An historic log home, the city cemetery, the House and Senate chambers at the state capitol and the Grand Lodge of Tennessee all share similar honors, along with more than a dozen other area properties. Each has been awarded for outstanding preservation efforts by The Metropolitan Historical Commission.
To celebrate the commission’s 34th Preservation Awards program on May 21 at the Nashville Public Library downtown, 15 properties received awards and five received honorable mentions.
Mayor Karl Dean also presented a proclamation recognizing May as National Preservation Month, and Historic Nashville, Inc. hosted a reception honoring all participants after the awards presentation.
In the commercial category, 306 Broadway received an award for its restored façade and storefront. The Liggett Building, located at 200 Second Avenue South, and Baron + Dowdle Construction, LLC, in the Old Ezell-Shriver Home at 652 Old Ezell Road, are examples of the adaptive use of a warehouse and a historic house into commercial office buildings.

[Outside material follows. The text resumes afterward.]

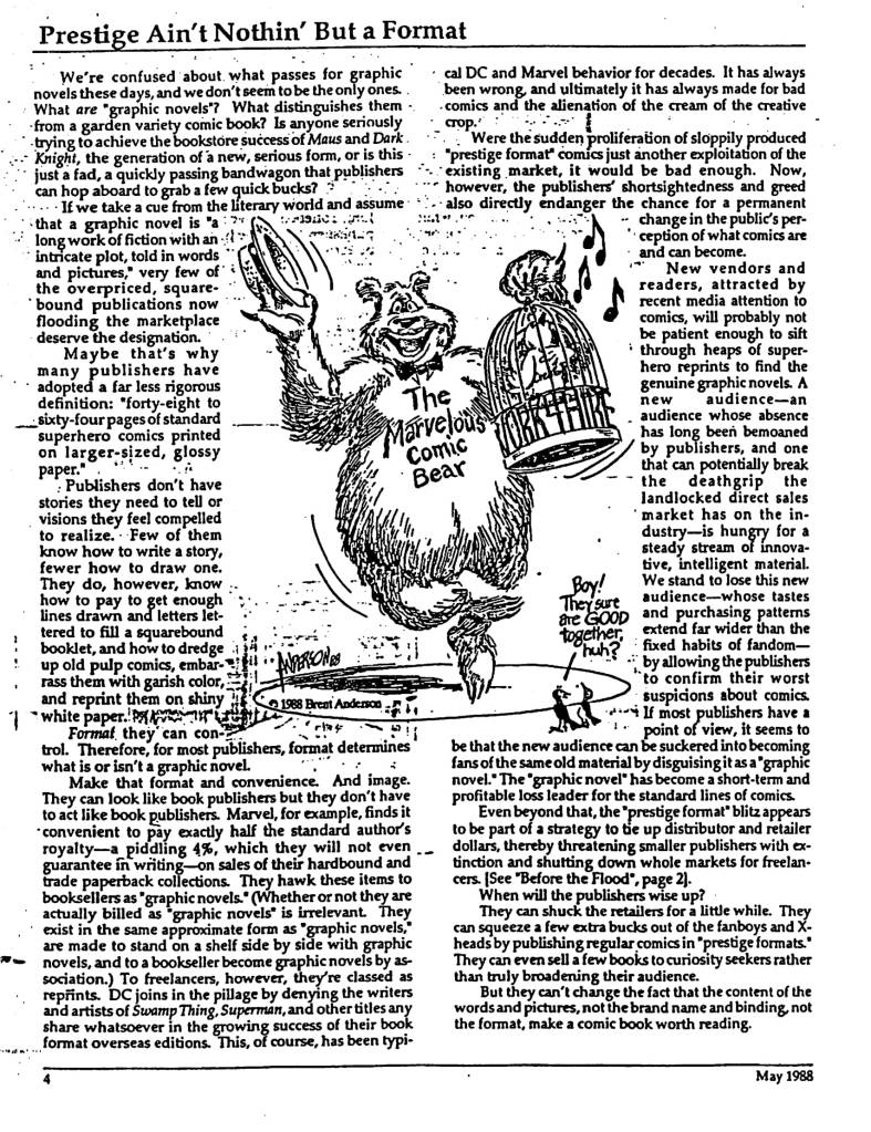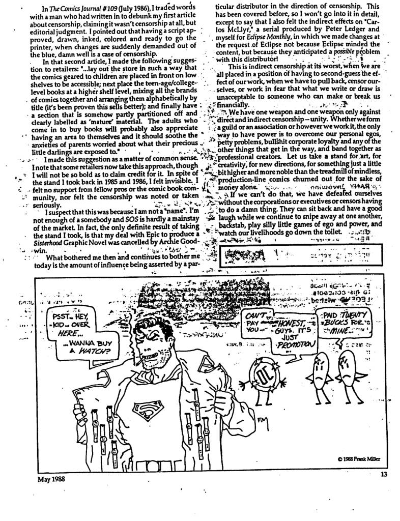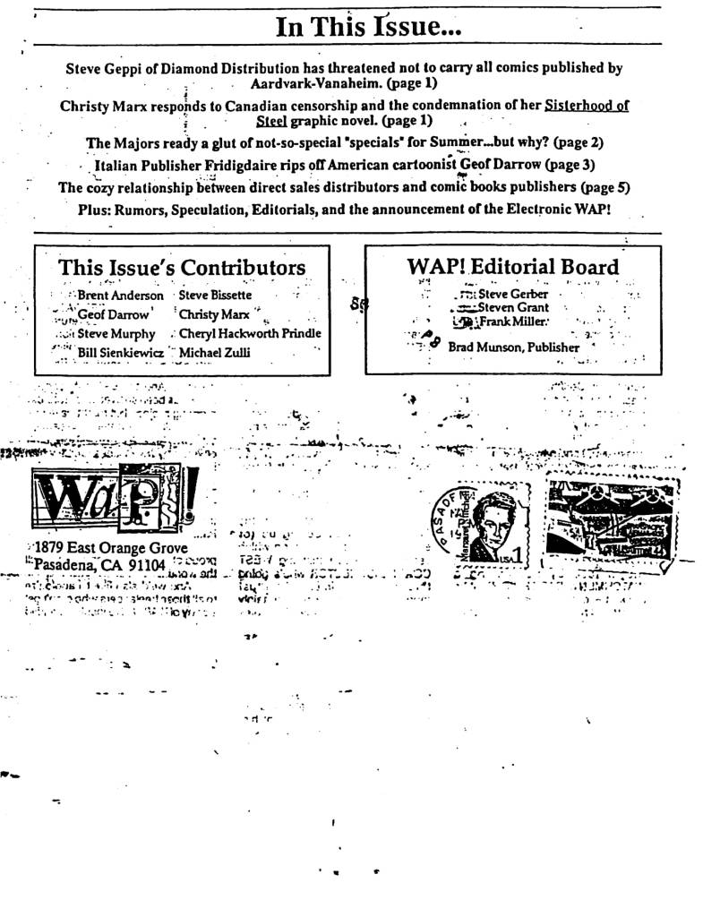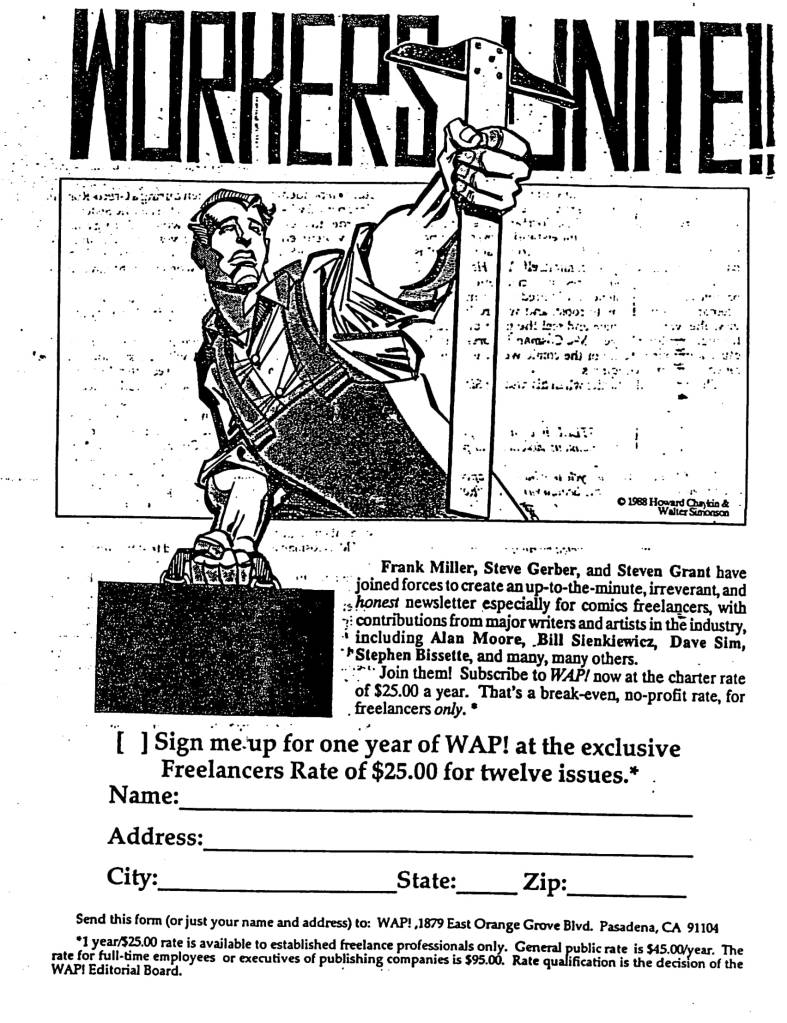 WAP – Words and Pictures #2 Tom Brevoort Classic Fanzines November 16, 2019July 3, 2021 The second issue of Steve Gerber, Steven Grant and Frank Miller’s muckraking freelancer newsletter from 1988. Share this: Click to share on X (Opens in new window) X Click to share on Facebook (Opens in new window) Facebook Click to share on Reddit (Opens in new window) Reddit Click to share on Tumblr (Opens in new window) Tumblr Click to email a link to a friend (Opens in new window) Email Like Loading... Related Published November 16, 2019July 3, 2021

The ENO Building (“East Nashville Original”) at 1008-1012 Fatherland Street in East End once faced certain demolition. Renovations to The Grand Lodge of Tennessee, Free and Accepted Masons, at 100 Seventh Avenue North, included updating the building to meet modern-day needs for comfort, safety, and accessibility.
In the residential category, the judges recognized 3522 Gillespie Avenue for the remarkable transformation of a property once declared unfit for human habitation.
Restoration of the Butterworth-Ockerman House at 205 South Twelfth Street returned this one-time apartment house into a single-family residence. The residence at 2223 White Avenue received an award for its meticulous restoration, and the judges awarded the Krumwiede Residence at 2500 Belmont Boulevard and the Baucom-Spurgeon Residence 243 Lauderdale Road for their sensitive additions.
The Forkum Residence at 1507 Dallas Avenue received an honorable mention for its restored front porch and new rear addition. Residences at 914 West Eastland Avenue and 2522 Fairfax Avenue received honorable mentions for their renovations.
In the infill category, two new residential developments received awards.
MC3 @ Martin Corner is the third phase of a redevelopment project at Russell Street and South Eleventh Street and demonstrates the successful use of contemporary design in a historic context. Houses in the neo-traditional neighborhood of Cherokee Crossing, located at Westlawn Avenue and Cherokee Station Drive, reflect traditional styles found in adjacent neighborhoods, but feature modern amenities and floor plans. The new residence at 1017 Warren Street is complements the Hope Gardens neighborhood, but clearly reflects its modern construction.
The Klamann-Slade Residence at 705 Setliff Place and the residence at 112B Mockingbird Road received honorable mentions.
In the educational and institutional category, the judges gave a Preservation Award to the Metropolitan Board of Parks and Recreation for The Hodge House in Warner Parks for the outstanding reconstruction of this historic log home. The project involved meticulous research and documentation.
The Tennessee State Capitol received an award for restorations to the Senate and House chambers, which included cleaning the limestone walls and plaster ceilings. This year marks the 150th anniversary of the Tennessee State Capitol building, which was completed in 1859.
The Metropolitan Historical Commission honored the Nashville City Cemetery Association with its Commissioners' Award for the group’s dedication to the preservation, restoration, and promotion of the Nashville City Cemetery.
The Commission presented Achievement Awards, given to individuals who have contributed greatly to the community's knowledge and appreciation of local history and historic resources, to Dr. Bobby L. Lovett, historian and former member of the Metropolitan Historical Commission, and Mrs. Carol Kaplan, long-time librarian with the Nashville Room and advocate for cemetery preservation.
Judges for the 2009 Preservation Awards were Doug Berry, attorney with Hubbard, Berry & Harris, PLLC, and Metropolitan Historical Commission Board Member; Adriane Bond Harris, Development Specialist with the Metropolitan Development and Housing Agency (MDHA); and David Price, Architectural Historian with New South Associates, and Board President of Historic Nashville, Inc.